Work instruction - Copy the data precisely, character for character, and leave out every picture.

Provided data -
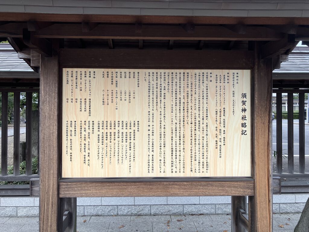 小山市に鎮座する須賀神社に行ってきました。定期的に呼ばれているような気がして訪問しています。今の時期はちょうど七五三の時期で小さなお子さんたちがお参りに来ていました。この神社は1080年以上の歴史を誇る由緒ある神社で、徳川家康ゆかりの神社でもあります。敷地内には樹齢800年にも及ぶモミの木の御神木があります。また、社殿の裏手には10の小さな神社があります。それは天満宮(菅原道真命)学問の神様、三峯神社(伊弉諾命・伊弉冉命)国生みの神様、八雲神社(奇稲田姫命)素盞嗚命の妃神様、蘇民神社(蘇民将来命) 病気退散の神様、神明宮(天照大神)日本で最も尊い神様、足尾神社(国常立命)国土創造の神様、工祖神社(聖徳太子命)工事の神様、稲荷神社(倉稲魂命)商売、稲作の神様、浅間神社(木花開耶姫命)安産の神様、小御嶽神社(磐長姫命)長寿の神様です。お参りすると心が落ち着くので地元の方はぜひ訪れてください。 (訪問:2025/11/02)
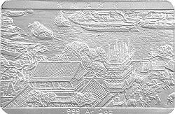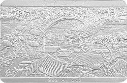 1998年中国人民银行发行了“中国古代名画系列(清明上河图)2盎司长方形银质纪念币”一套,该套纪念币采用6方连张的形式将《清明上河图》这幅长卷名画展现在世人面前。
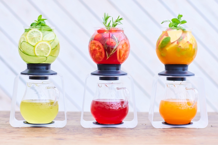 アグリガーデンではハーブの他にも様々な野菜を育てていることにちなみ、畑の野菜をイメージした3種類のオリジナルベジハーブティーを提供。胡瓜やミントを合わせたジャスミンティー、トマトやローズマリーを合わせたハイビスカスティー、人参やオレンジを合わせたカモマイルティーが楽しめます。さらに気に入った香りのハーブを摘んで、好きなハーブティーに添えて飲むこともできます。
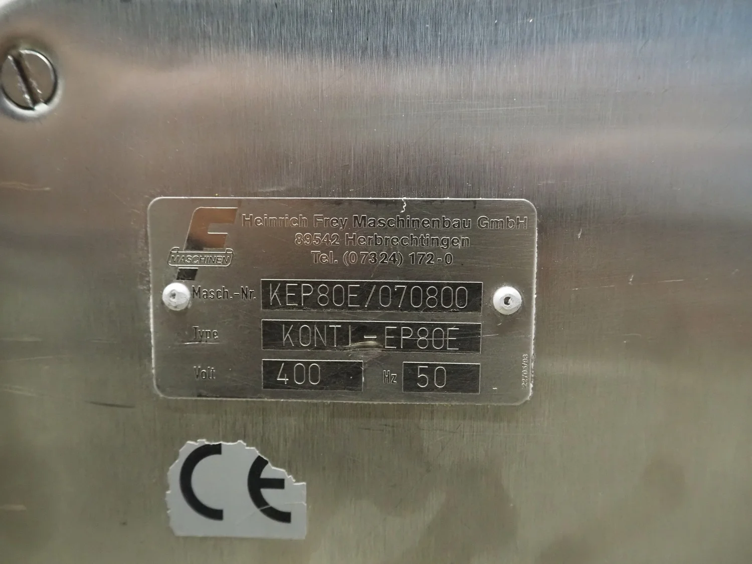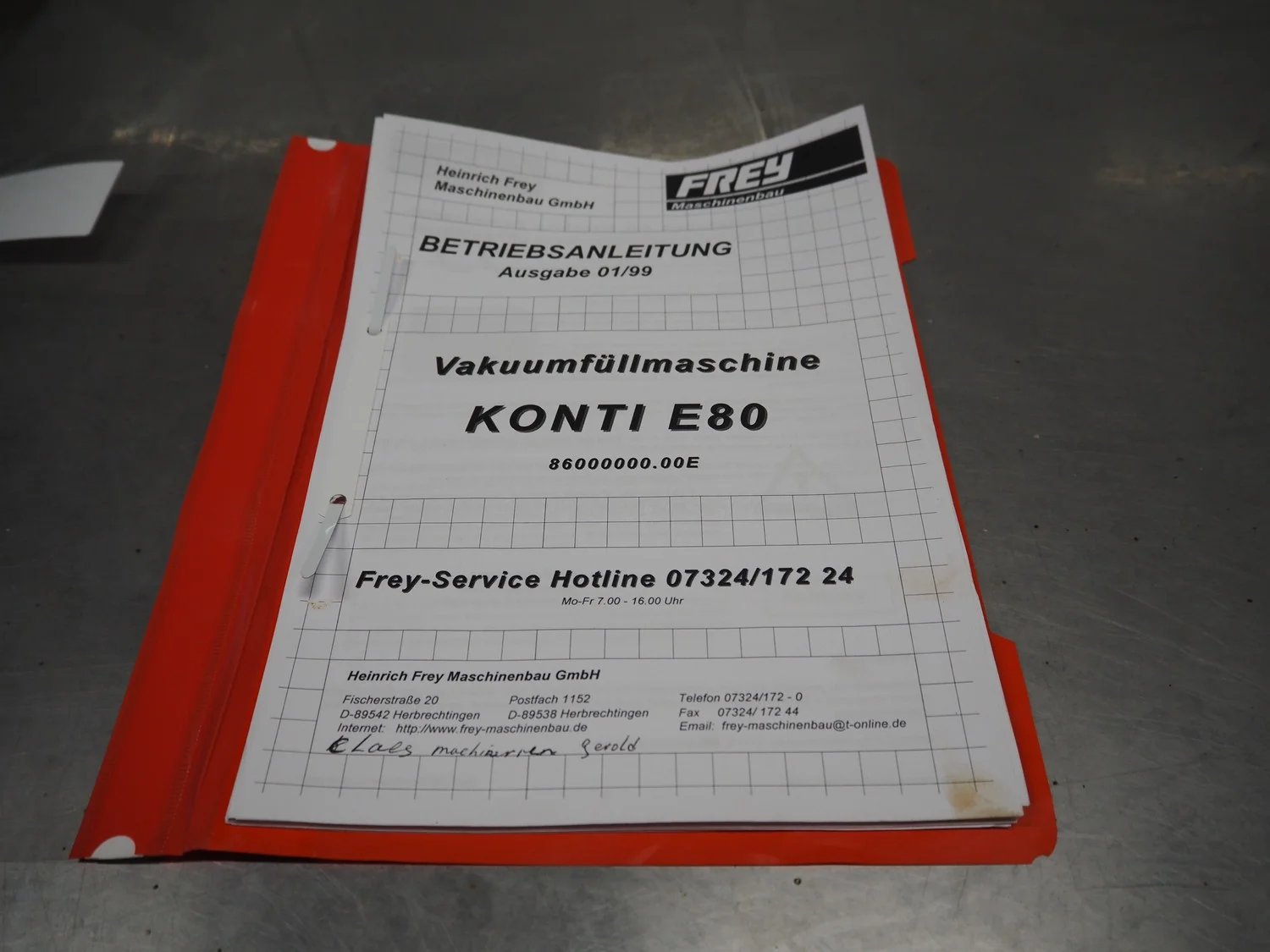Frey vacuum filling machine, type: KONTI-EP80E, machine number: KEP80E/070800, 400 V, 50 Hz, dimensions: 950 mm x 700 mm x 1620 mm. Without rotor and vanes.

Exercise result -
 小山市に鎮座する須賀神社に行ってきました。定期的に呼ばれているような気がして訪問しています。今の時期はちょうど七五三の時期で小さなお子さんたちがお参りに来ていました。この神社は1080年以上の歴史を誇る由緒ある神社で、徳川家康ゆかりの神社でもあります。敷地内には樹齢800年にも及ぶモミの木の御神木があります。また、社殿の裏手には10の小さな神社があります。それは天満宮(菅原道真命)学問の神様、三峯神社(伊弉諾命・伊弉冉命)国生みの神様、八雲神社(奇稲田姫命)素盞嗚命の妃神様、蘇民神社(蘇民将来命) 病気退散の神様、神明宮(天照大神)日本で最も尊い神様、足尾神社(国常立命)国土創造の神様、工祖神社(聖徳太子命)工事の神様、稲荷神社(倉稲魂命)商売、稲作の神様、浅間神社(木花開耶姫命)安産の神様、小御嶽神社(磐長姫命)長寿の神様です。お参りすると心が落ち着くので地元の方はぜひ訪れてください。 (訪問:2025/11/02)
 1998年中国人民银行发行了“中国古代名画系列(清明上河图)2盎司长方形银质纪念币”一套,该套纪念币采用6方连张的形式将《清明上河图》这幅长卷名画展现在世人面前。
 アグリガーデンではハーブの他にも様々な野菜を育てていることにちなみ、畑の野菜をイメージした3種類のオリジナルベジハーブティーを提供。胡瓜やミントを合わせたジャスミンティー、トマトやローズマリーを合わせたハイビスカスティー、人参やオレンジを合わせたカモマイルティーが楽しめます。さらに気に入った香りのハーブを摘んで、好きなハーブティーに添えて飲むこともできます。
Frey vacuum filling machine, type: KONTI-EP80E, machine number: KEP80E/070800, 400 V, 50 Hz, dimensions: 950 mm x 700 mm x 1620 mm. Without rotor and vanes.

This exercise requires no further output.